So, there is no emotion in his texts but it is good he told me - i.e. that he considered it my business. Often in the past he has just done things and not told me as you know like the mortgage holiday and other stuff. Also good that he texted back about 10 mins later in answer to my question. So, all boring news but perhaps communication may be opening up again.

I am feeling tired today and was a little overwhelmed at the thought of moving etc this morning. It is hard being shoved into a new way of life without it being your choice. I do see this as a real opportunity for me, but at the same time it is scary. Can I just retreat to my shell?? \:\)

No reply to my email about meeting up...

(((Ali))) - They are so complex and not consistent either which makes it a minefield!

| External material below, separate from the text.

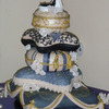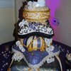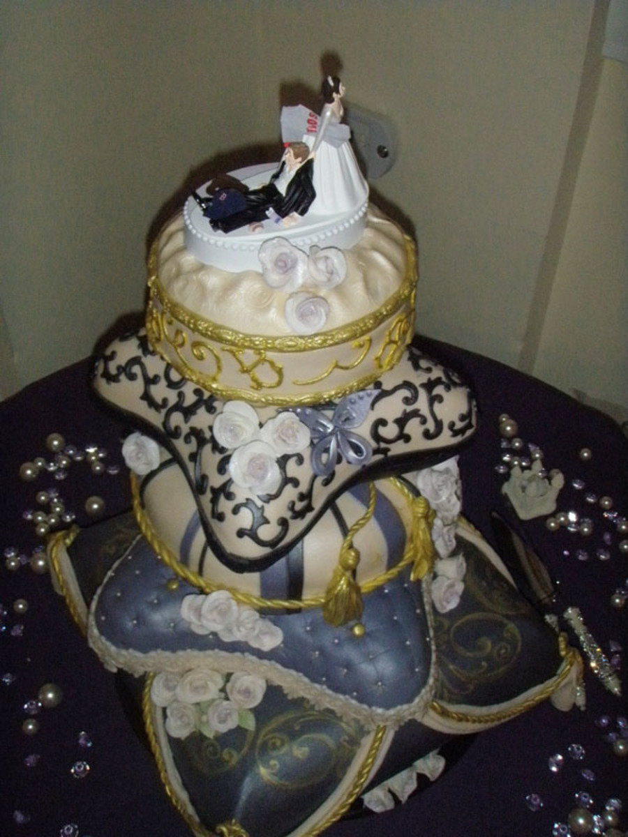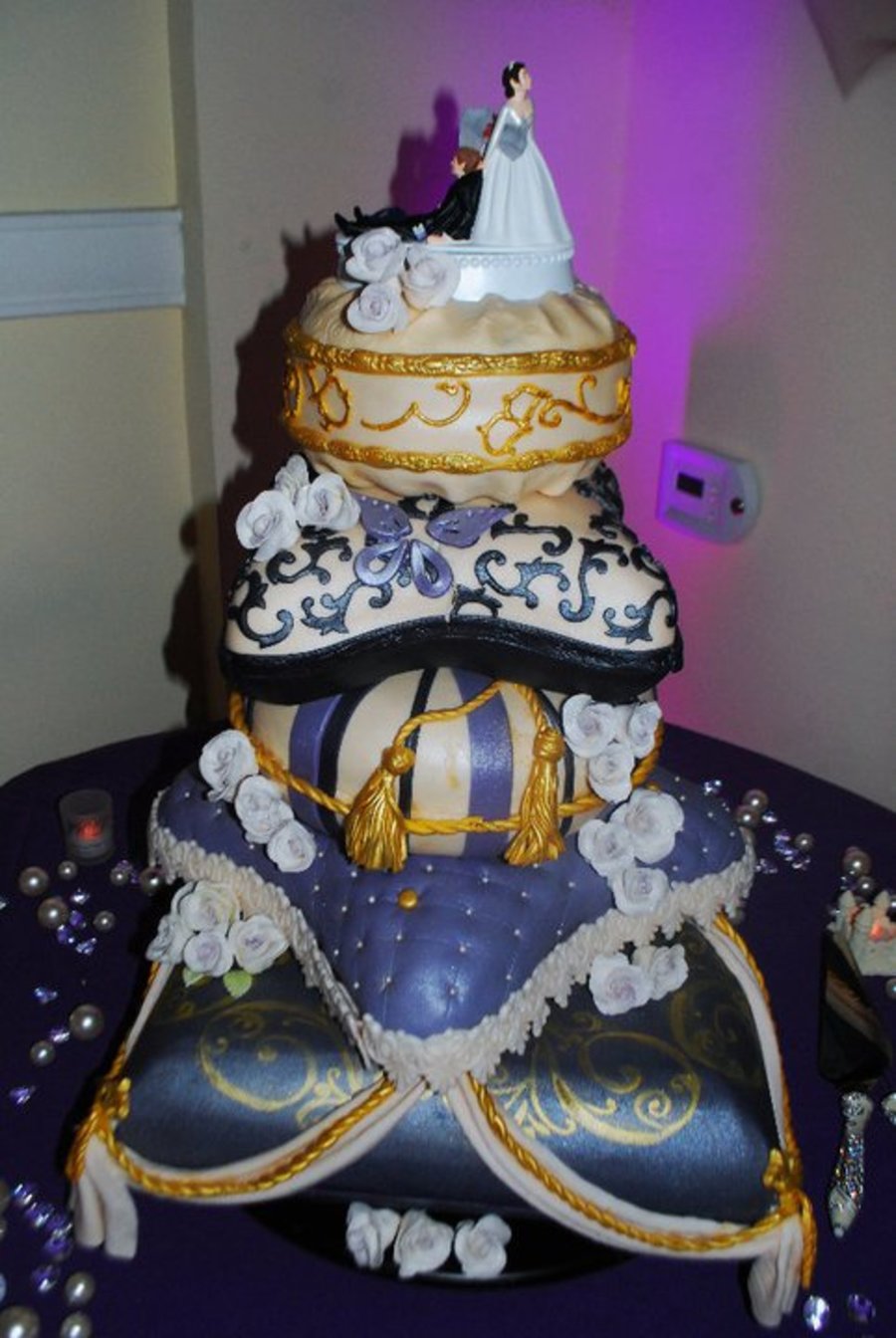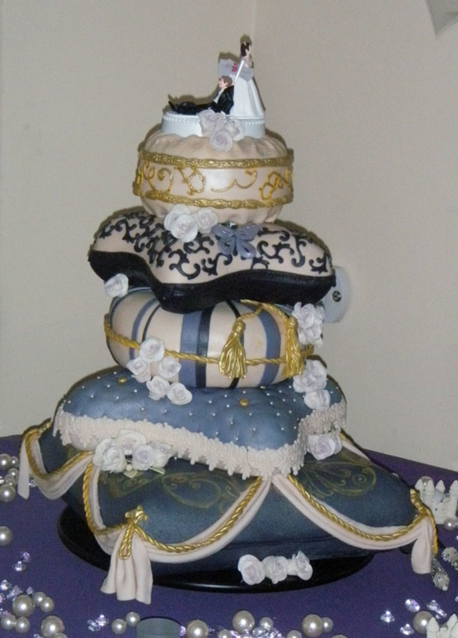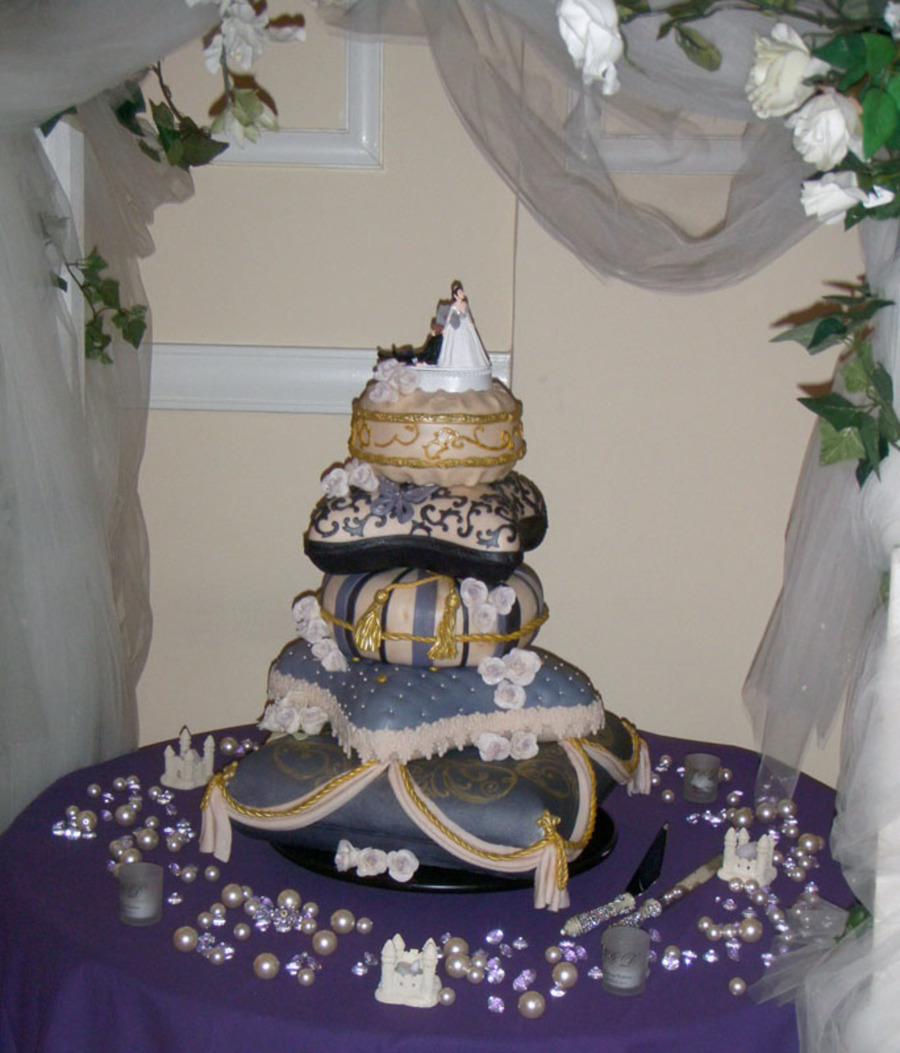 8' carved round choc mud, 10' wilton pillow marble mud, 11' carved round white choc mud, 13' wilton pillow red velvet, 17' styrofoam pillow ordered from thefoamstudio The decorations used impression mats, custom bead silicon mold, wilton pattern press set, triple scroll cutter country kitchen sweet art, margaret braun tassel and braid instruction from cakewalk book, earlene's enhanced betty lace mold. Thanks!!

(((Ms M))) - no, this was my composition but I did take on board a lot of what Jody said in my last session and what you told me about your session with her.

(((T))) - the house is the thing that ties us really, I don't see how we can extracate from each other without selling or buying each other out and neither of us wants that I don't think. I am going to see what he has to say about the bills - he seems to like to be in charge of them so I will play it by ear when I see him, it is hard to get how he feels from email/ text without assuming.

Oooh, travel desitnations... so many. New Zealand would be my ideal and more of the Far East. I may just close my eyes and stick my finger on a map and see where it takes me! Or get a round the world ticket. I have found an instructor for driving... it is just finding the money! Maybe I will know more after my meeting with h.

(((Essie))) thank you for checking in on me \:\) I'm holding up ok, I was really good yesterday, not so good today but I think that is tiredness but I am getting better as the day goes on and hopefully tonight I will be better as I am meeting my friend for cup cakes which should be fun and yummy!



Last edited by JCJ; 12/03/08 02:22 PM.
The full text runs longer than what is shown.